What the White House has to do to keep the peace talks going

 

As of now, the Netanyahu government does not have the votes in the Knesset to continue the building freeze in the West Bank and in East Jerusalem. The Palestinian Authority has threatened to walk away from the peace talks unless the freeze continues. A stalemate appears to be in the offing, unless something changes.

Polls show that Israelis do not believe that the Palestinians are really interested in making peace, especially since Palestinian Authority President Mahmoud Abbas has said he would never recognize Israel as the state of the Jewish people. A majority of Israelis say they are unwilling to make painful concessions without receiving some assurance that the prospects for peace are real. Since Israel is a vibrant democracy, Knesset members listen to their constituents. It is likely, therefore, that unless the Israelis can be persuaded that a peace deal is really in the offing, the Knesset will not vote to continue a full fledged housing freeze and the Palestinians will refuse to engage in peace talks.

The White House can change this dynamic. It can pressure the Palestinian Authority to make concessions that would show the Israeli public that they are really interested in making a peace deal. These concessions could include ending the incitement against Israelis and Jews that appear daily on official Palestinian television (the Palestinian Authority promised this in earlier peace negotiations, but has failed to live up to this promise). It could also include ending Palestinian efforts to delegitimize Israel in international forums, such as the United Nation and the International Criminal Court. Finally it could include a willingness to recognize Israel as the state of the Jewish people.

The White House could also try to persuade the Saudis to invite Prime Minister Netanyahu to Saudi Arabia, as The New York Times columnist Tom Friedman has suggested. In order to get the Saudis to do this, the White House would have to offer something to the Saudis as well. There is only one thing that the White House can offer both the Saudis and the Israelis: that is an iron-clad commitment to prevent Iran from obtaining nuclear weapons. Such a commitment would do more to assure peace in the Mideast than any other single action by any party.

The real question that Israelis and Saudis are asking is whether the Obama Administration is actually willing to enforce a realistic "red line" that the Iranians will not be allowed to cross.

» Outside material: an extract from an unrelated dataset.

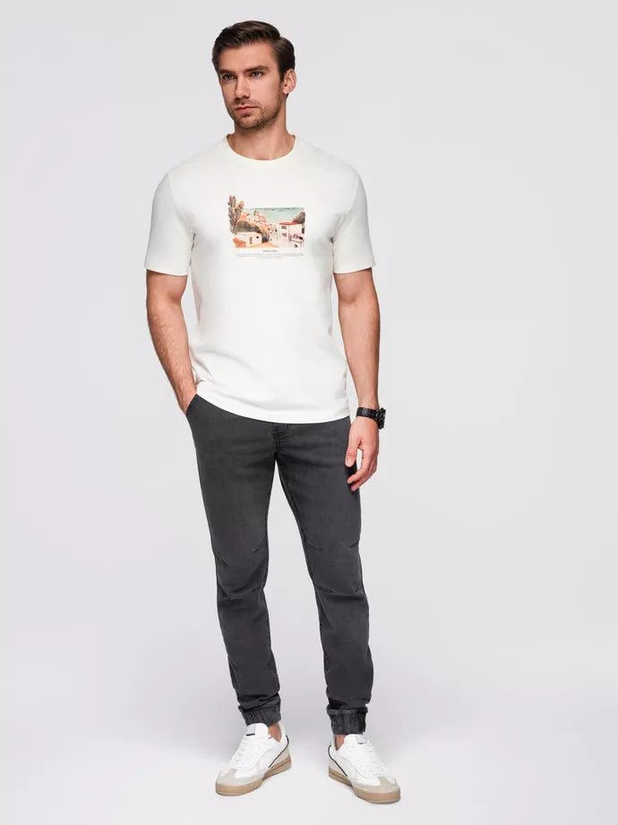 Designed with a modern lifestyle in mind, the pants are a combination of casual, street style and a strong denim character. Thanks to the stretchy fabric and comfortable cut, these jeans guarantee complete freedom of movement and emphasize the silhouette. Light rubbing and detailed finishes create a stylish everyday look that is perfect for both city and weekend leisure. Jogger style pants, elastic at the bottom of the pants. Drawstring waistband with logo that emphasizes the street style. Two front pockets, two back pockets.
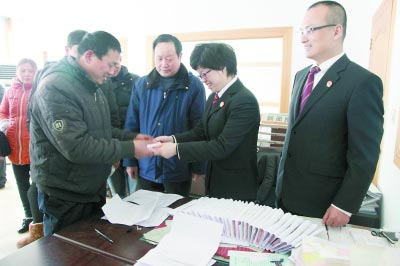 1月28日上午,江苏省江阴市某机电设备有限公司的47名职工从江阴市人民法院临港新城法庭的法官手里领到了总额为1221975元的工资款。图为工资款发放现场。卢凤 摄

If the Iranians are allowed to develop deliverable nuclear weapons, the prospects for peace in the Middle East diminish considerably. Even if the Israelis and Palestinians were able to come to some agreement, the Iranians - operating under a nuclear umbrella - could derail any peace by encouraging their surrogates, Hizbullah and Hamas, to make life impossible for Israelis. The Palestinians cannot offer the Israelis a full peace, even if they wanted to. All they could do is assure peace on Israel''s eastern border, but not on its volatile northern or western borders. An emboldened Iran, armed with nuclear weapons, would do everything in its power to scuttle any peace with Israel.

A nuclear armed Iran would also increase tensions in the rest of the Middle East, by threatening Saudi Arabia, the Emirates, Jordan, Egypt and other "moderate" Arab regimes. Even Fidel Castro has now turned against his former Iranian "brother," accusing Ahmadinejad of anti-Semitism and other sins. The time has come for the entire international community to recognize that the greatest single barrier to real peace and stability in the Middle East is not the Israeli-Arab conflict, but rather the threat posed by a nuclear Iran.

This is not to deny the importance of continuing the peace talks between Israel and the Palestinian Authority.  Even a limited peace would be preferable to the status quo, but pressure on the Israelis alone will not create the conditions necessary for the peace process to continue. President Obama recognized this when, in addition to asking the Israelis to continue the freeze, he also asked the Palestinians to offer confidence-building concessions.

Freezing all building in arguably disputed areas will not be easy for Israel. Many of these areas are not really in dispute:  the Palestinians have already conceded that under any peace agreement Israel will maintain control over built up areas in and around Jerusalem. Stopping all building in these areas is seen by many Israelis as entirely symbolic and somewhat punitive to families that are growing. If the Palestinians are really interested in peace, rather than in finding an excuse to walk away from the peace talks, they will accept some sort of compromise that Netanyahu is willing to offer and that the Knesset might be willing to support.  Building up rather than out, and limiting building to those areas that are not really in dispute, should constitute a compromise acceptable to all sides.

Continuing an absolute freeze should not become a litmus test for continuing peace talks.  The real litmus test is a willingness to continue to talk despite temporary disagreements that could be resolved by negotiation.